=== Begin Enclosure ===
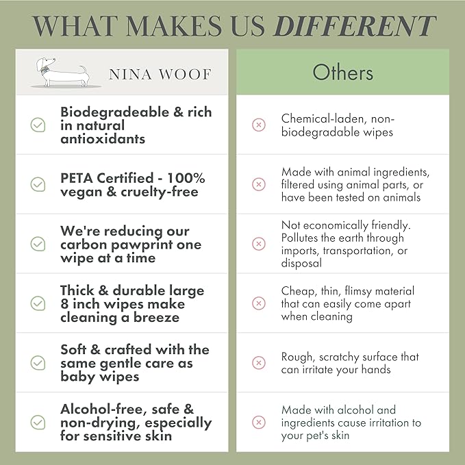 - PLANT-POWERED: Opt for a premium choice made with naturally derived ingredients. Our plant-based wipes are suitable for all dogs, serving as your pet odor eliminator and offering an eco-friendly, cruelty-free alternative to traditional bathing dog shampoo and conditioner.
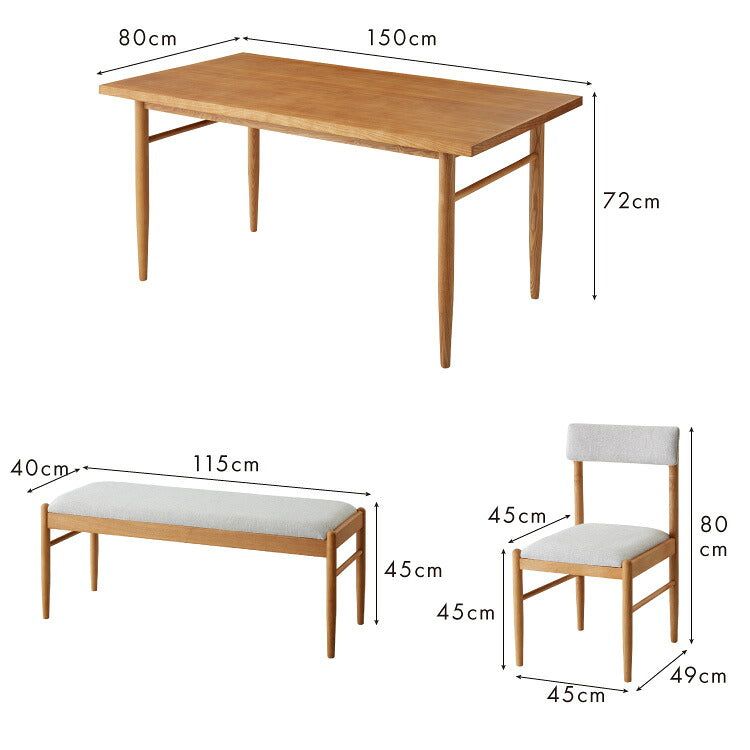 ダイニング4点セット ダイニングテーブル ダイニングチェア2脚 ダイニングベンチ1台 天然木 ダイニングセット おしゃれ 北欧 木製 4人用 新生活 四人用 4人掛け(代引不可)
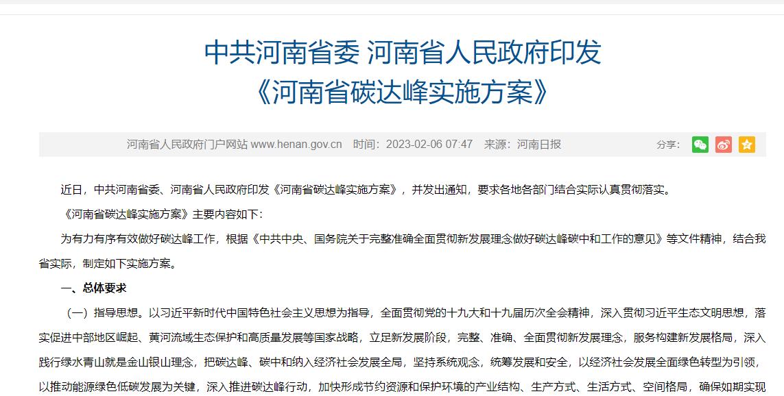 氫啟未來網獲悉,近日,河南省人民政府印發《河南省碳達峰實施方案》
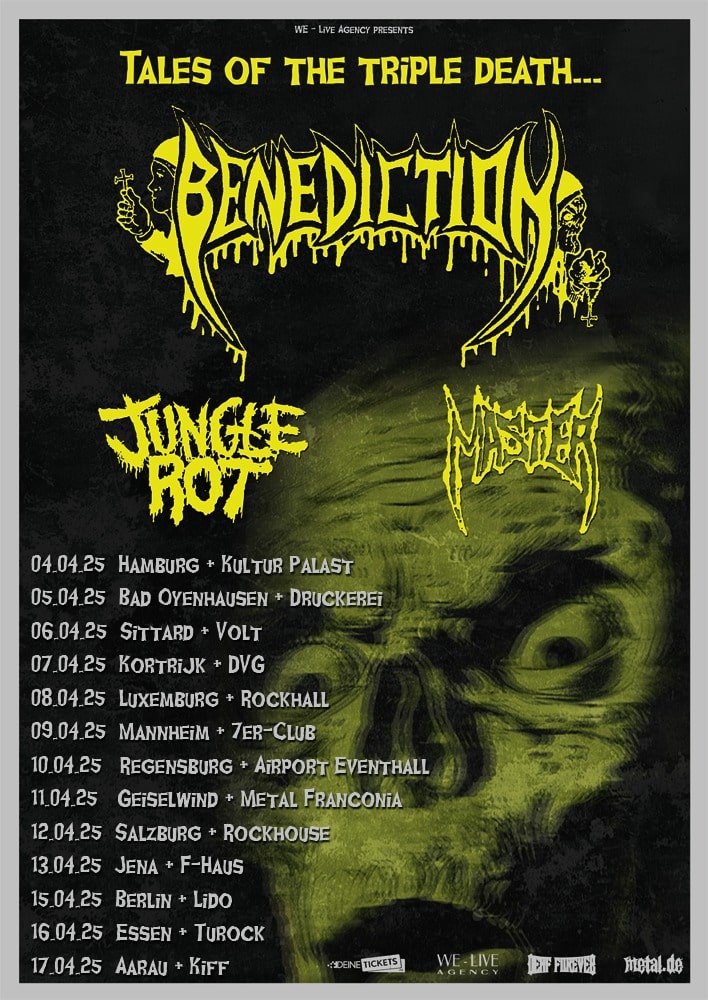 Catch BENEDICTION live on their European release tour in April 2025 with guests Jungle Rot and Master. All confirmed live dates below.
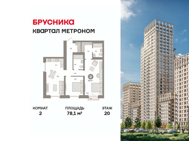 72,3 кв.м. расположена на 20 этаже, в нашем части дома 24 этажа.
=== End Enclosure ===
=== Begin Enclosure ===
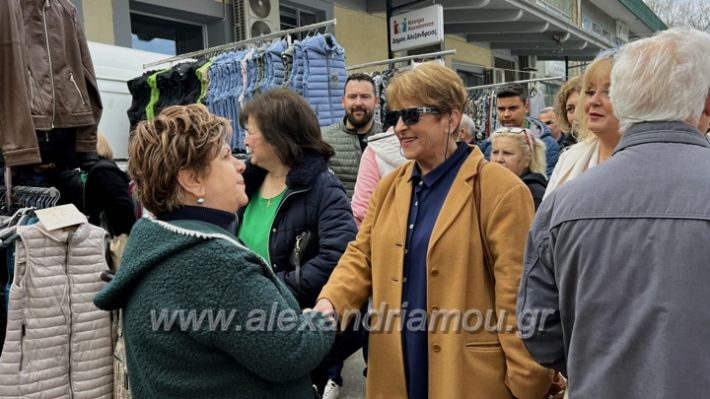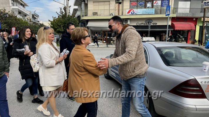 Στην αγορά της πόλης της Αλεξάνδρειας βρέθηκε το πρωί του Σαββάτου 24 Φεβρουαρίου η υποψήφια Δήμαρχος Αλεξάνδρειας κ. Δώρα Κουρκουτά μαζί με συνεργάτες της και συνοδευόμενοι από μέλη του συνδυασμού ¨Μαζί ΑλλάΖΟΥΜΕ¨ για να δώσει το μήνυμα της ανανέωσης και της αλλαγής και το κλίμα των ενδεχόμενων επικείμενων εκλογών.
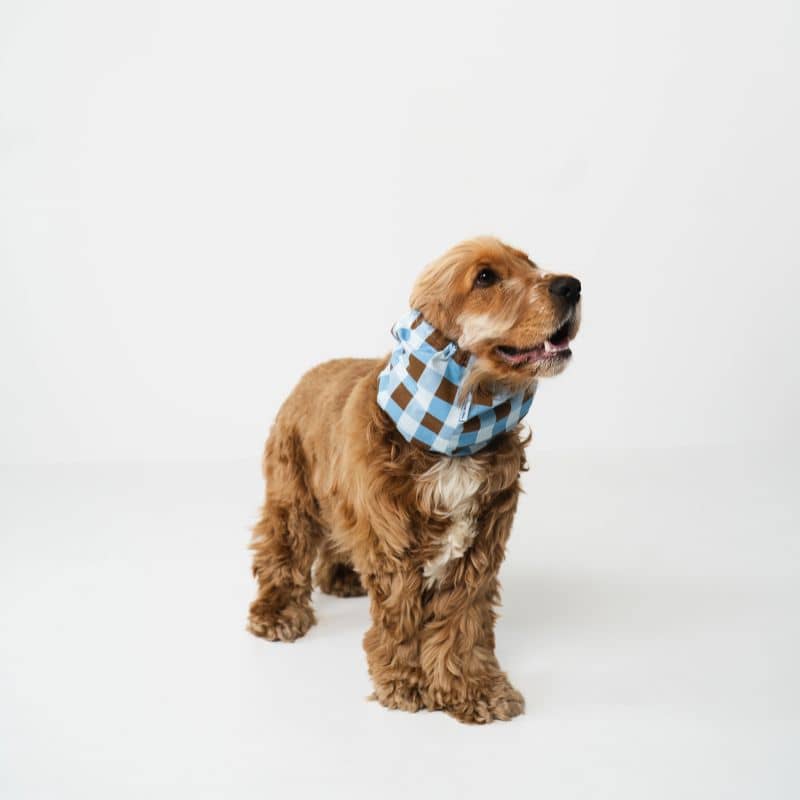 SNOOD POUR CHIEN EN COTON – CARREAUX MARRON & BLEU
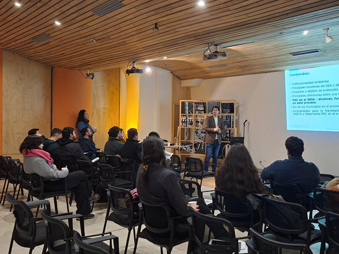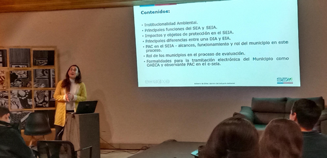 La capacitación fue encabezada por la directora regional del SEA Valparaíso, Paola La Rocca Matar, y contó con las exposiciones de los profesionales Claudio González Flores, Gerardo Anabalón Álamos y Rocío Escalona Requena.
=== End Enclosure ===
• Activity:
Look above for the line with "- PLANT-POWERED: Opt", then print it and each line after it down to and including the line with "72,3 кв.м. расположена". Leave out the pictures and keep the wording exact.

• Solution to this exercise:
 - PLANT-POWERED: Opt for a premium choice made with naturally derived ingredients. Our plant-based wipes are suitable for all dogs, serving as your pet odor eliminator and offering an eco-friendly, cruelty-free alternative to traditional bathing dog shampoo and conditioner.
 ダイニング4点セット ダイニングテーブル ダイニングチェア2脚 ダイニングベンチ1台 天然木 ダイニングセット おしゃれ 北欧 木製 4人用 新生活 四人用 4人掛け(代引不可)
 氫啟未來網獲悉,近日,河南省人民政府印發《河南省碳達峰實施方案》
 Catch BENEDICTION live on their European release tour in April 2025 with guests Jungle Rot and Master. All confirmed live dates below.
 72,3 кв.м. расположена на 20 этаже, в нашем части дома 24 этажа.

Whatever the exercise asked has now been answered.